▶ [Your goal] Restate the data exactly as given and keep the pictures out.

▶ [Exercise materials]
--- START ---
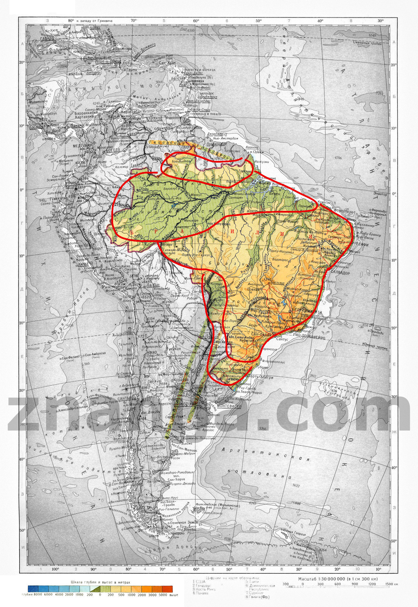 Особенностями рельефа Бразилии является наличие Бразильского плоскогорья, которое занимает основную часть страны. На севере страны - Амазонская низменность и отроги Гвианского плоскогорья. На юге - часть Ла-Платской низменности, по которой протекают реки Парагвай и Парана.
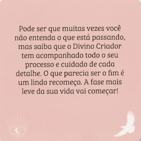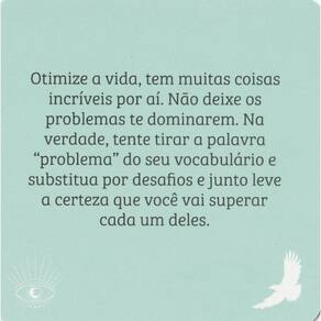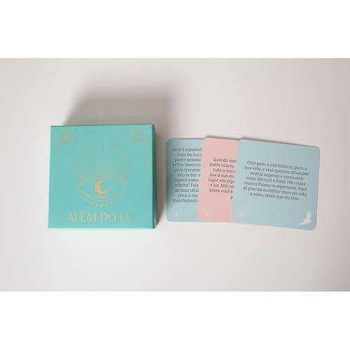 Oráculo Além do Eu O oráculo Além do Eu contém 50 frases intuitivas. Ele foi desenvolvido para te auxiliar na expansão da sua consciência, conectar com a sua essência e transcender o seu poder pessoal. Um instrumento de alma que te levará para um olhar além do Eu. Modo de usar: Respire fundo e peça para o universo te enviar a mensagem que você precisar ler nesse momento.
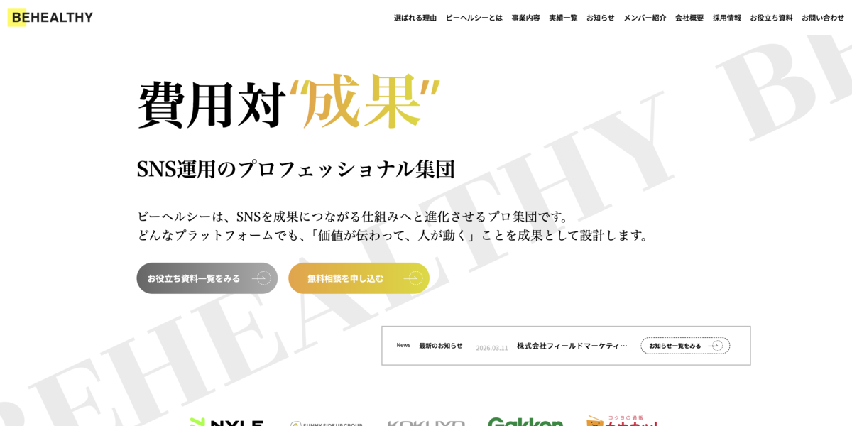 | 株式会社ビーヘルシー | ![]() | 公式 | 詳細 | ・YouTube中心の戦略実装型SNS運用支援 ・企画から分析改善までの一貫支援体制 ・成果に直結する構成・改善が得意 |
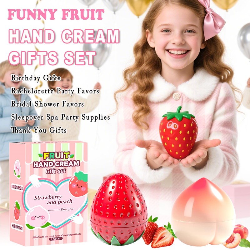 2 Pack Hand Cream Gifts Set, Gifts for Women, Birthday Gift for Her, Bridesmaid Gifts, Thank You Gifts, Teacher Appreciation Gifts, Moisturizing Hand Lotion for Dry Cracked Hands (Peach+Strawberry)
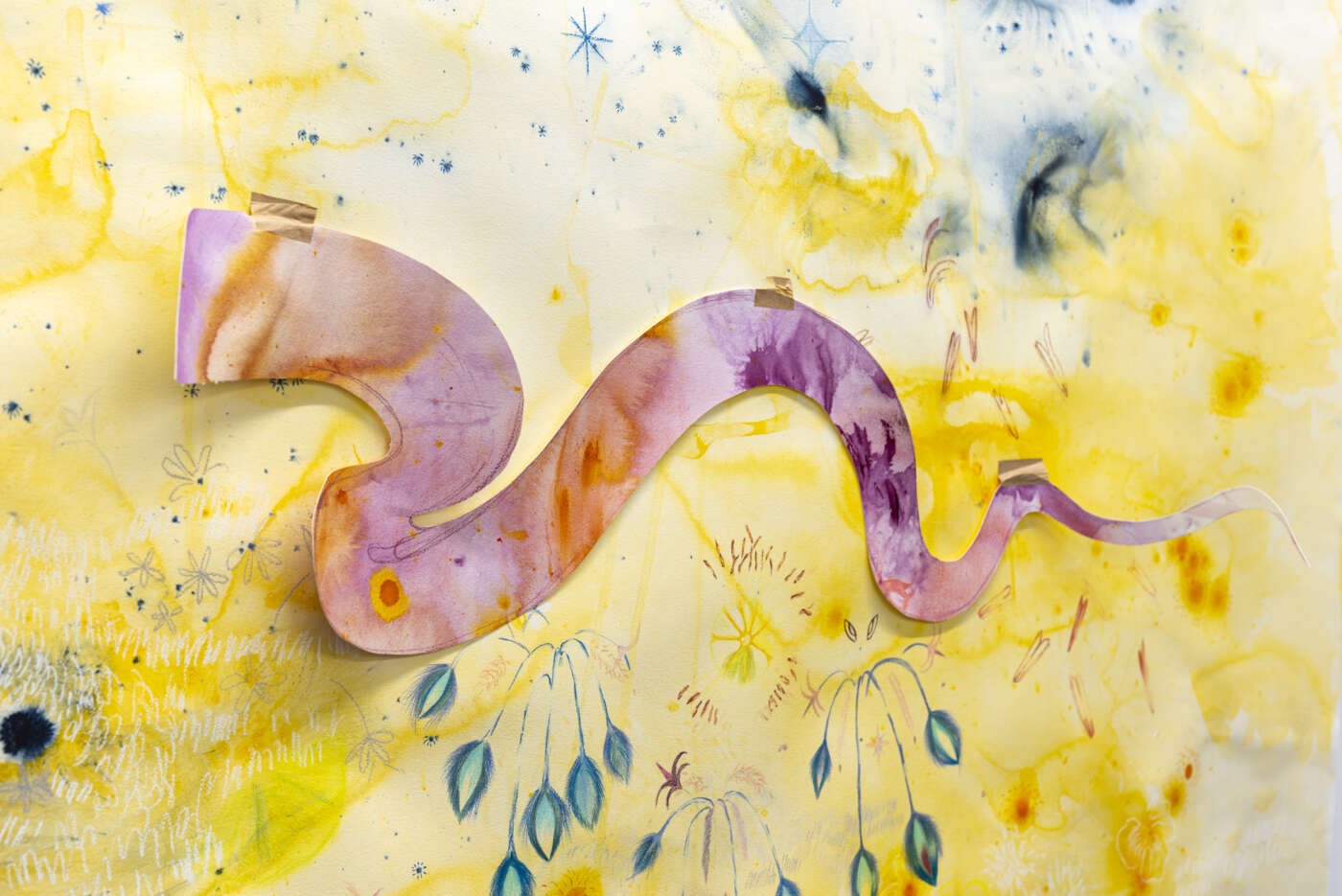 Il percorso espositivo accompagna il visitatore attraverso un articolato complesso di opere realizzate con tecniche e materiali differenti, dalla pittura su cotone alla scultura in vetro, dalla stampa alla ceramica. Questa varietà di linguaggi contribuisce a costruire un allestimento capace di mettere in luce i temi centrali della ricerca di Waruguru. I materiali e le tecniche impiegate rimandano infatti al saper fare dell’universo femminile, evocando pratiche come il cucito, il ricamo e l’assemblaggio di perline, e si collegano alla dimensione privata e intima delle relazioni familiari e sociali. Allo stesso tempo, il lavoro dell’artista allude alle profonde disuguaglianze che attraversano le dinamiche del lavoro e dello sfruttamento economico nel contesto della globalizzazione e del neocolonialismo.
--- END ---
▶ [Response area]
 Особенностями рельефа Бразилии является наличие Бразильского плоскогорья, которое занимает основную часть страны. На севере страны - Амазонская низменность и отроги Гвианского плоскогорья. На юге - часть Ла-Платской низменности, по которой протекают реки Парагвай и Парана.
 Oráculo Além do Eu O oráculo Além do Eu contém 50 frases intuitivas. Ele foi desenvolvido para te auxiliar na expansão da sua consciência, conectar com a sua essência e transcender o seu poder pessoal. Um instrumento de alma que te levará para um olhar além do Eu. Modo de usar: Respire fundo e peça para o universo te enviar a mensagem que você precisar ler nesse momento.
 | 株式会社ビーヘルシー | ![]() | 公式 | 詳細 | ・YouTube中心の戦略実装型SNS運用支援 ・企画から分析改善までの一貫支援体制 ・成果に直結する構成・改善が得意 |
 2 Pack Hand Cream Gifts Set, Gifts for Women, Birthday Gift for Her, Bridesmaid Gifts, Thank You Gifts, Teacher Appreciation Gifts, Moisturizing Hand Lotion for Dry Cracked Hands (Peach+Strawberry)
 Il percorso espositivo accompagna il visitatore attraverso un articolato complesso di opere realizzate con tecniche e materiali differenti, dalla pittura su cotone alla scultura in vetro, dalla stampa alla ceramica. Questa varietà di linguaggi contribuisce a costruire un allestimento capace di mettere in luce i temi centrali della ricerca di Waruguru. I materiali e le tecniche impiegate rimandano infatti al saper fare dell’universo femminile, evocando pratiche come il cucito, il ricamo e l’assemblaggio di perline, e si collegano alla dimensione privata e intima delle relazioni familiari e sociali. Allo stesso tempo, il lavoro dell’artista allude alle profonde disuguaglianze che attraversano le dinamiche del lavoro e dello sfruttamento economico nel contesto della globalizzazione e del neocolonialismo.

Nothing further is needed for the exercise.